The PPI report found four classes of abusive fee tactics which the FCC is trying to reign in. First, the FCC has issued an order which should take effect sometime in 2023, setting provider fees at $5.95. The cap will stop for-profit companies from colluding with Moneygram and Western Union to inflate payment fees.

Second, the FCC has opened for public comment the possibility of banning “double dipping” fees. At least six providers charge up to 21% over the $3 cap on automated fees by adding a “pass through” charge to recover the credit card processor’s fee in the transaction. This is like getting home from dining out to find the restaurant padded your tab with its credit card processing fee – in other words, it’s infuriatingly unfair.

Third, the FCC has identified the need to change, but has not taken steps to reform, the practice of “single call” fee abuse. This happens when a telecom provider unscrupulously steers customers that do not have an account to a uniquely expensive type of call — costing as much as $9.99 to $14.99 each.

While the FCC did limit deposit fees, the companies have utilized loopholes to push additional charges on top of the call. Also, according to the report, the FCC closed a loophole which allowed companies to exploit prisoners and their families by charging “inactive account fees.” If an account was inactive, through lack of use, the companies would simply confiscate any remaining balance to cover this “fee.”

In the decade after initiating its inactive account fee scheme in 2011, ViaPath, formally Global Tel Link (GTL), confiscated at least $96 million from prisoners and their families, earning even more in interest on the ill-gotten funds. So, the company got off relatively easy with a $67 million settlement of a resulting class-action suit in December 2021, plus an $18.675 million fee award to class attorneys in August 2022– especially considering many victims may not make claims, further reducing the punishment’s sting. [See: PLN, Apr. 2022, p.32; and Mar. 2023, p.63.]

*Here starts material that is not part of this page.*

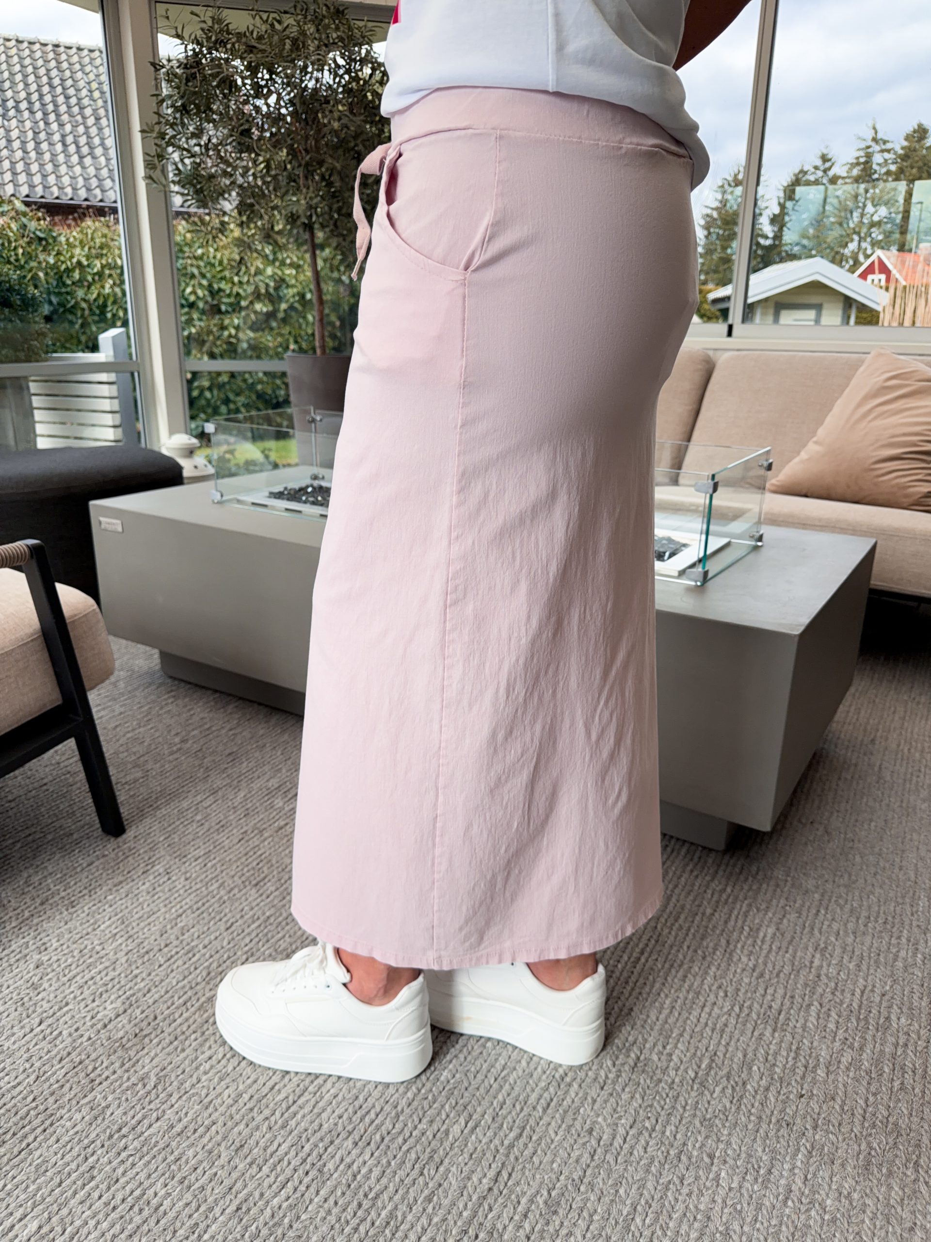 Mirkelkjolen! Så galet stretchig och skön. Resår och knyte i midjan. Sprund framtill. Jana är 167cm lång.

The PPI report tracked how ViaPath and its big competitor, Securus, have expanded their efforts to exploit prisoners and their families with video calling, tablets, electronic messaging, debit release cards and money transfer platforms, which prisoners’ families use to send money to loved ones and communicate with them. GTL, for example, requires families and prisoners to give up all rights to photos and videos they exchange over the company’s service and allow the company to use them in any manner seen fit – even selling them to third parties.

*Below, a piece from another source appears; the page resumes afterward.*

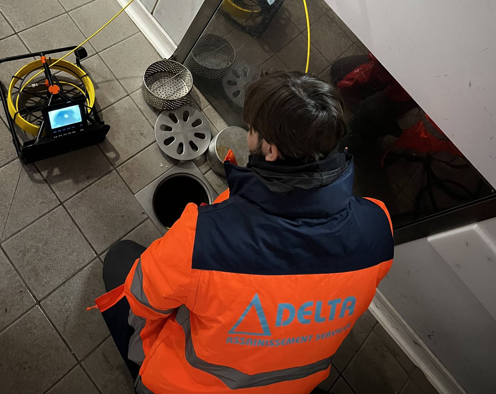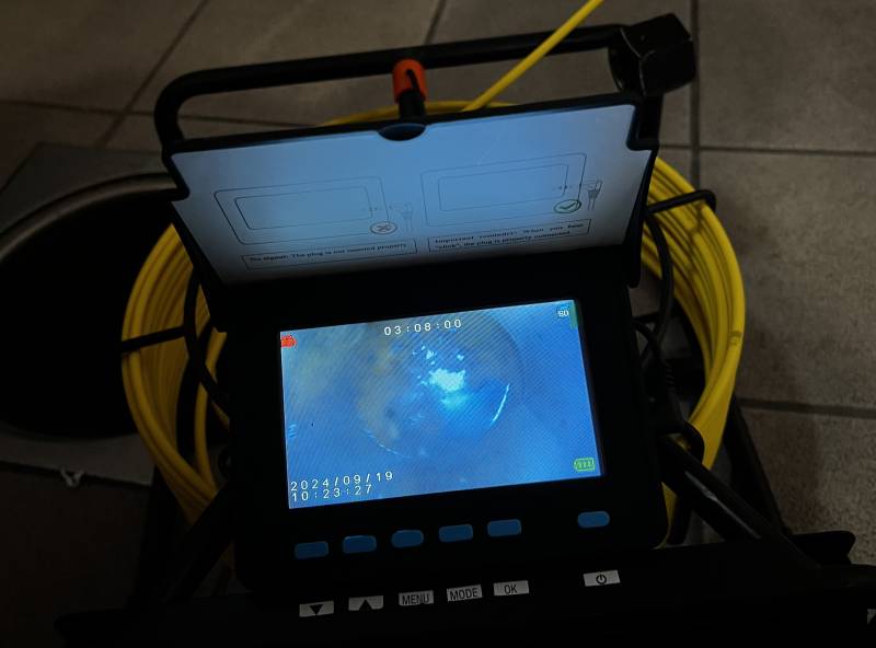 Enfin, une inspection vidéo a permis de contrôler l’intérieur des canalisations. Grâce à la caméra haute technologie utilisée, tout le réseau a été analysé. L’expertise a confirmé la nécessité d’installer un coude plongeant au niveau du bac à graisse, afin d’améliorer l’écoulement et d’éviter de futurs bouchons.

These non-phone services and products are either not regulated or are less regulated than phone services, the report notes. This lack of oversight allows companies to find new and creative ways to “double dip” from the meager funds of prisoners and their families – as a group already suffering the country’s highest rate of poverty before incarceration.

As part of its report, PPI made several suggestions for state and federal legislative changes to reduce prison and jail telecom costs, including regulating video calling; ending double dipping fees; and lowering caps on per-minute phone calls.

However, since many legislators themselves profit from investments in these same companies, it is unlikely they will be swayed to make meaningful changes without costly litigation challenges.

PPI suggests that state and local governments enact legislation to guarantee the most equitable solution for connecting prisoners with loved ones: Agency-sponsored calls, or “calls for free.” Under this reform, governments that incarcerate their citizens also pay costs of needed communications. Currently only a few states and large cities have adopted this system, including most recently California. [See: PLN, Apr. 2023, p.43.]

In addition, PPI recommends that state and local governments include a “technological parity” provision guaranteeing that other communications services, such as video calling and electronic messaging, are also provided for free. See: State of Phone Justice 2022: The Problem, the Progress, and What’s Next, PPI (2022).